Custom struct will force users to create their own newtype wrapper to be able to serialize it, that's 2 more levels of abstraction for which I don't see a compelling benefit

Answer 6 · 2024-04-24T10:30:03.000Z

What is the problem with current version (just using Bytes)?

The answer is:

Additionally, the core benefit that Bytes bring - being able to subslice a bigger allocation - does not apply in the case of paging state. I believe that paging state could be better represented as Arc<[u8]>.

When I see Bytes, I expect some shared ownership of the whole frame. This is misleading, because paging state's Bytes are currently created from an exclusively owned buffer that is distinct from the frame Bytes.

Answer 7 · 2024-04-24T10:31:26.000Z

Custom struct will force users to create their own newtype wrapper to be able to serialize it

Not if we provide the two functions I mentioned:

Then it would make sense to expose constructor (from_raw) and accessor (into_raw/into_inner).

Answer 8 · 2024-04-24T10:54:07.000Z

Custom struct will force users to create their own newtype wrapper to be able to serialize it

Not if we provide the two functions I mentioned:

Yes, even then, because people use frameworks for serialization (serde, rkyv etc)

Then it would make sense to expose constructor (from_raw) and accessor (into_raw/into_inner).

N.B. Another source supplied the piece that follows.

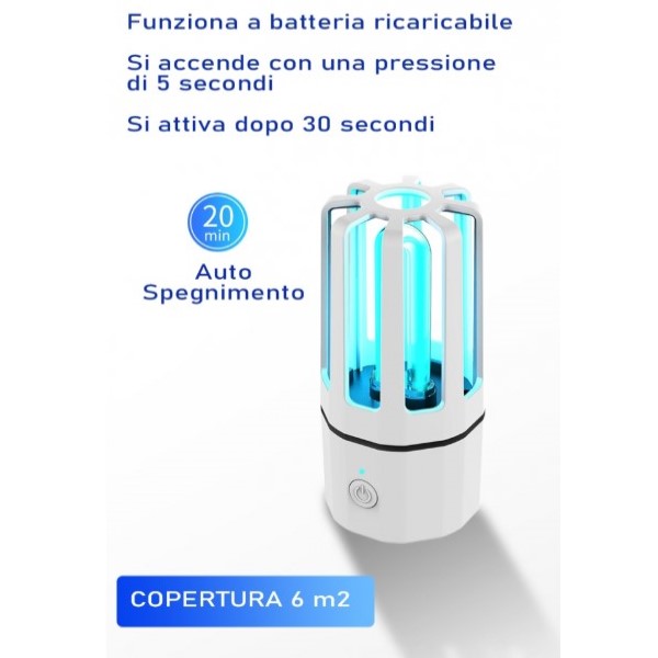 Grazie alla sua azione a 360° è in grado di disinfettare tutto ciò che desiderate, ma non è l'unica sua capacità infatti oltre ad un ampio raggio ha anche: funzionamento con batteria ricaricabile, è semplice e rapido da usare piochè si accende con una pressione di 5 secondi e si attiva dopo solo 30 secondi, inoltre è dotato di spegnimento automatico dopo 20 minuti garantendo una durata vitale della batteria efficente e sana.

Answer 9 · 2024-04-24T10:56:26.000Z

What is the problem with current version (just using Bytes)?

The answer is:

Additionally, the core benefit that Bytes bring - being able to subslice a bigger allocation - does not apply in the case of paging state. I believe that paging state could be better represented as Arc<[u8]>.

When I see Bytes, I expect some shared ownership of the whole frame. This is misleading, because paging state's Bytes are currently created from an exclusively owned buffer that is distinct from the frame Bytes.

Now I don't understand at all. You don't want Bytes because it implies shared ownership (it doesn't, can be used here without any problem), and you propose Arc<[u8]> which is definitely a shared-ownership. I'm lost.

Answer 10 · 2024-04-24T11:03:45.000Z

I expect some shared ownership of the whole frame.

Perhaps I should have made this bold:

I expect some shared ownership of the whole frame.

Bytes enable subslicing while retaining shared ownership; instead, when you have an Arc<[u8]> in hand, you know the exact size of the allocation.

This makes huge difference when you want to have control over memory allocated:

when you hold a Bytes that refer to the result frame, they keep it allocated all the time;
when you hold a Bytes pointing to the paging state only, you might wonder whether they keep the frame allocated;
when you hold an Arc<[u8]> pointing to the paging state only, you have no such worries.

Such precaution (about using Bytes carefully` in deserialization) was included in this the deserialization framework refactor by @piodul.

Answer 11 · 2024-04-24T11:10:28.000Z

User of the driver doesn't care about the frame and has no reason to think about it in terms of result frame. This is something only maintainer of this driver would do.

Answer 12 · 2024-04-24T11:36:50.000Z

As discussed face to face, deserialization refactor is going to enable the user deserialize frame subslices into Bytes, so the user will have to care about the result frame.
I, as the maintainer, get confused about Bytes being used there.